Learning the Positions in CountSketch
This work addresses a bottleneck in learning-based sketching for researchers and practitioners in machine learning and optimization, offering a novel extension to previous methods that only learned values, but it is incremental as it builds on existing paradigms.
The paper tackles the problem of learning both the values and positions of non-zero entries in sketching matrices, specifically for CountSketch, to improve optimization tasks like low-rank approximation and Hessian approximation. The result includes algorithms that achieve good accuracy with fast running times and can significantly reduce error even with limited training data.
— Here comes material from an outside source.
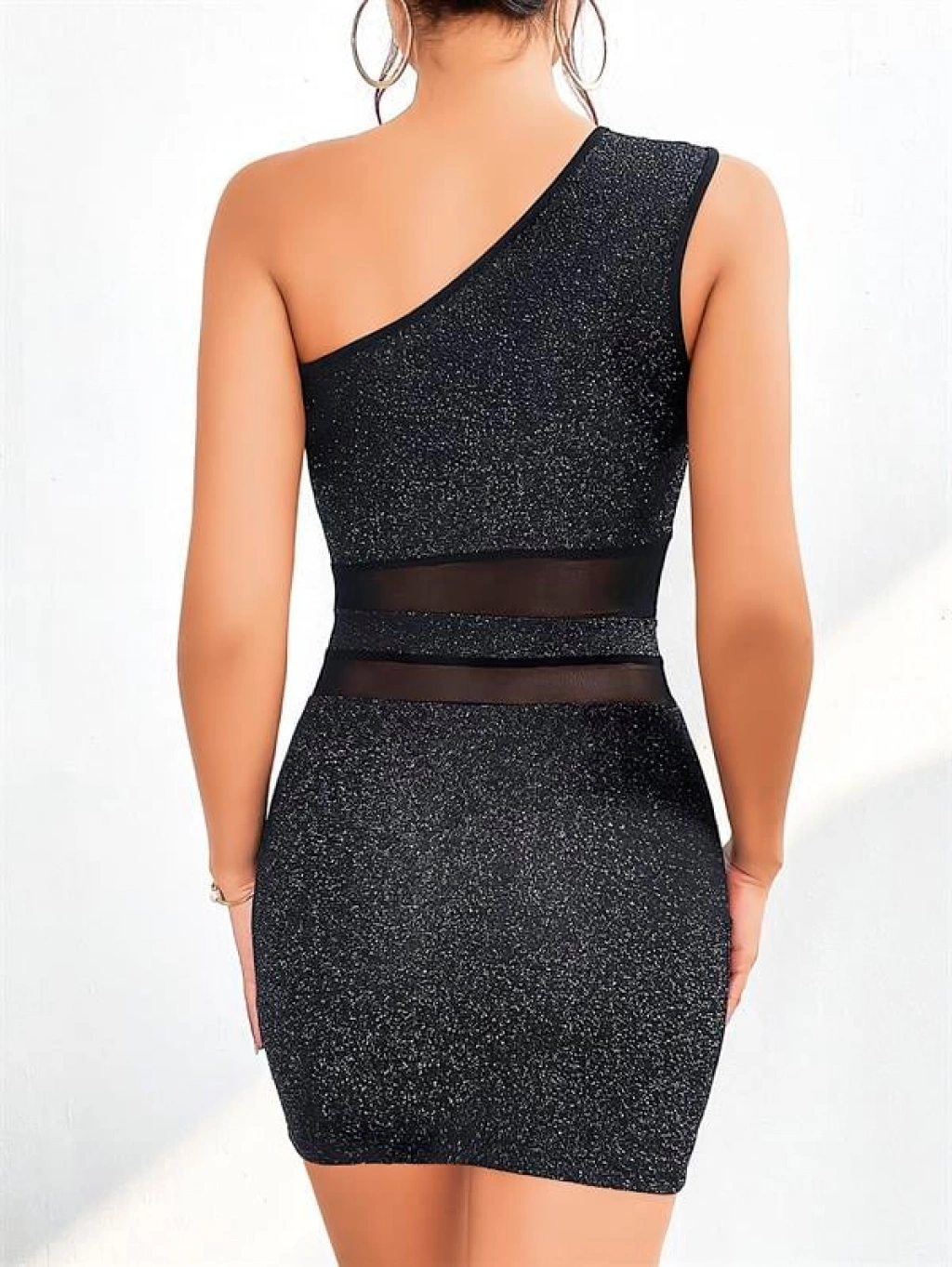 Özel Tasarım Siyah Tek Omuz Dekolteli Işıltılı Fantezi Mini Club Elbisesi, geceye damga vurmak isteyenler için tasarlandı. Tek omuz dekoltesiyle güçlü ve modern bir duruş sunarken, ışıldayan dokusu sayesinde her adımda etkileyici bir parlaklık yaratır.

We consider sketching algorithms which first compress data by multiplication with a random sketch matrix, and then apply the sketch to quickly solve an optimization problem, e.g., low-rank approximation and regression. In the learning-based sketching paradigm proposed by~\cite{indyk2019learning}, the sketch matrix is found by choosing a random sparse matrix, e.g., CountSketch, and then the values of its non-zero entries are updated by running gradient descent on a training data set. Despite the growing body of work on this paradigm, a noticeable omission is that the locations of the non-zero entries of previous algorithms were fixed, and only their values were learned. In this work, we propose the first learning-based algorithms that also optimize the locations of the non-zero entries. Our first proposed algorithm is based on a greedy algorithm. However, one drawback of the greedy algorithm is its slower training time. We fix this issue and propose approaches for learning a sketching matrix for both low-rank approximation and Hessian approximation for second order optimization. The latter is helpful for a range of constrained optimization problems, such as LASSO and matrix estimation with a nuclear norm constraint. Both approaches achieve good accuracy with a fast running time. Moreover, our experiments suggest that our algorithm can still reduce the error significantly even if we only have a very limited number of training matrices.